When I was growing up, I would spend my school holidays with my grandparents. My mother had to work and so my sister and I would be sent up to the small hobby-farm my grandparents had retired to, about 4 hours north of Sydney. Their property of about 25 acres was on a dirt road... they were probably about three quarters of the way along it, maybe three or four kilometres off the tarred road. It was the sort of area where they didn't bother numbering the houses. We were simply The Jones's [no, not really] on Bullhill Road [that I didn't make up though]. I kid you not. This was, in turn, about a kilometre out of a small township called Tinonee. Tinonee had a primary school, a butcher, a general store/petrol pump, and some tennis courts. If you were driving along you could blink and have driven through it before you'd realised it was there. And Tinonee was probably about 40 kilometres away from a larger town that was where you went when you 'went into Town'.
My sister and I were incredibly lucky, in hindsight, to have the chance to escape the city and spend weeks with ponies, open paddocks, afternoon naps (it was too hot to do anything else) and the beach. At the time though, there were moments of incredible frustration, as I was the elder and there weren't any kids my age locally. That, combined with the fact that my grandmother and I tended to disagree about most things (hey, I was a teenager!!) meant there were moments when I would stomp down to the back paddock and read books until my temper had calmed down.
Anyway, back to the cows. I like cows in theory, but they scare me. They're big, and I cannot really read them. There are two types; the ones with the big pretty brown eyes, like dairy cows, and then there are those with the little piggy red rimmed eyes that always look like they have a serious attitude problem. It is like they KNOW they are going to end up as steaks, and they are mighty shitty about the prospect! It is the latter type of cow that particularly freak me out.

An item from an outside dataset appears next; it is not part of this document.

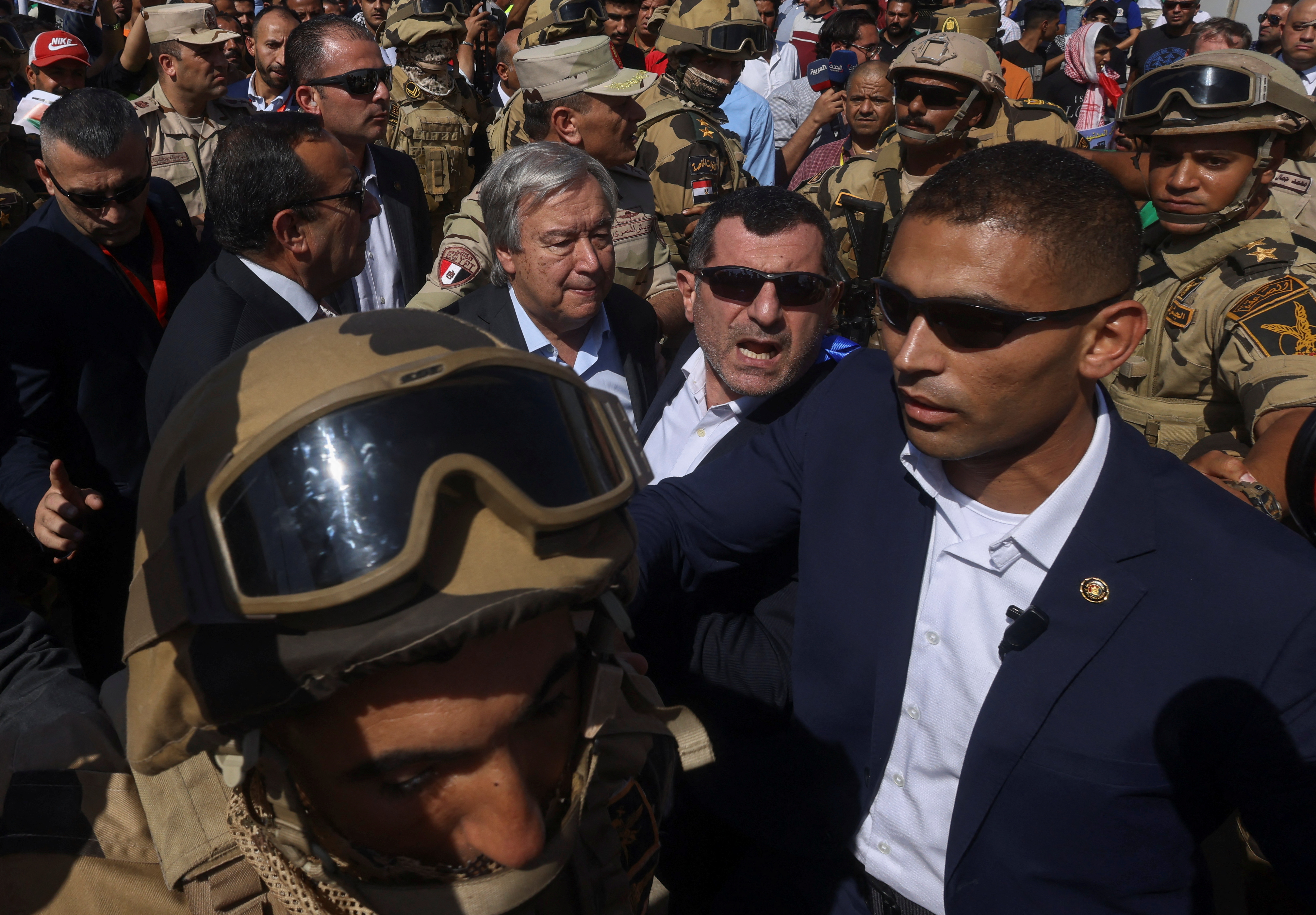 Ο Γενικός Γραμματέας του ΟΗΕ Αντόνιο Γκουτέρες επισκέφθηκε σήμερα το συνοριακό πέρασμα της Ράφα και είπε πως τα φορτηγά που μεταφέρουν βοήθεια πρέπει να κινηθούν το ταχύτερο δυνατό από την Αίγυπτο προς τον πολιορκημένο παλαιστινιακό θύλακα της Γάζας προκειμένου να μετριάσουν μια ανθρωπιστική κρίση.

When I was a teenager, fighting for some independence from my grandmother in particular, I had the opportunity to look after the dog for the people that lived next door. It was a brown spotted dalmation called Zac. I'm afraid, at the time, I thought Zac was the stupidest dog I had ever known. Since then I've learnt that a lot of dalmations are, in fact, deaf, and this makes his behaviour a little more understandable. But even if he was deaf, he was still pretty stupid. And he had no self-preservation instinct. And was hyperactive. But if having to take him for walks each day meant an excuse to have some time to myself, well I was going to take it!
As Zac was impossible to call back once you let him off his chain, when I took him for his walks I kept him on a long rope. It's an unwritten law that if a farmer sees a strange dog on his/her property, they have the right to shoot them. Packs of dogs do untold damage to sheep, calves, horses, so you cannot blame them for their shoot first attitude. This simply reinforced my desire to keep him with me while his owners were away.

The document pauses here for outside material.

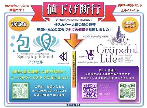 仕入れや一人前の量を調整、効率化などの工夫で全ての価格を見直しました。歓送迎会シーズンに朗報!
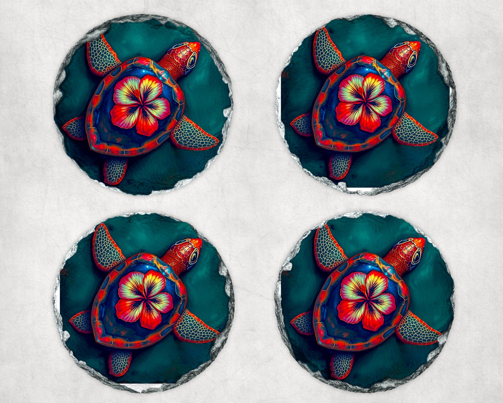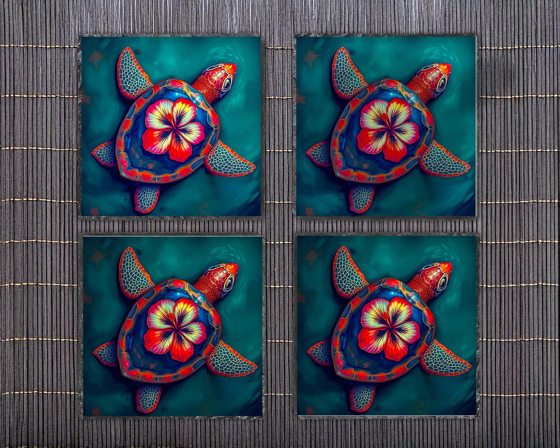 Hibiscus Turtle Coaster - Stunning coaster featuring a vibrant turtle

This particular day I decided we'd walk down through the back paddock to the creek that bordered the back of their property. In that back paddock was a small herd of around fifteen steers that had been raised as poddy calves, being fattened up ready for slaughter. And yes, these particular steers were of the aforementioned piggy-red-eyed variety.
When I first started striding along, Zac enthusiastically tugging me through the long grass (at least he would have scared the snakes away first), the steers were at the far end of the paddock. However, at some point they lifted their heads and turned our way. And then started walking our way. And then started RUNNING our way! Bloody hell!! Now what I did was perhaps not the smartest, most cow-savvy thing, but then, I am not cow savvy. So I ran. FAST. However Zac seemed more interested in meeting them head on, which didn't bode well for my escape, so I did the only thing I could. I let him go. And ran for the gate.

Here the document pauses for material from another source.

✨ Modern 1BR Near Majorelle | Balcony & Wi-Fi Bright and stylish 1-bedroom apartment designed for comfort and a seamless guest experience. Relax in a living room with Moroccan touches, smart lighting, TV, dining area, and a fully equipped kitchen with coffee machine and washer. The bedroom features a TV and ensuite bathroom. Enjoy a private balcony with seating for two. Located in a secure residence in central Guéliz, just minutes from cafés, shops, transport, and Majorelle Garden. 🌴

As Zac ran further down the creek line, the steers (should I have explained that steers are adolescent bulls?) wheeled away from me and followed him. It turns out that Zac thought it was a great game when they were little poddy calves (calves that have just been weaned) to chase them around. Now they had grown and saw the opportunity for revenge. I was incidental to them, but that didn't stop me being scared witless.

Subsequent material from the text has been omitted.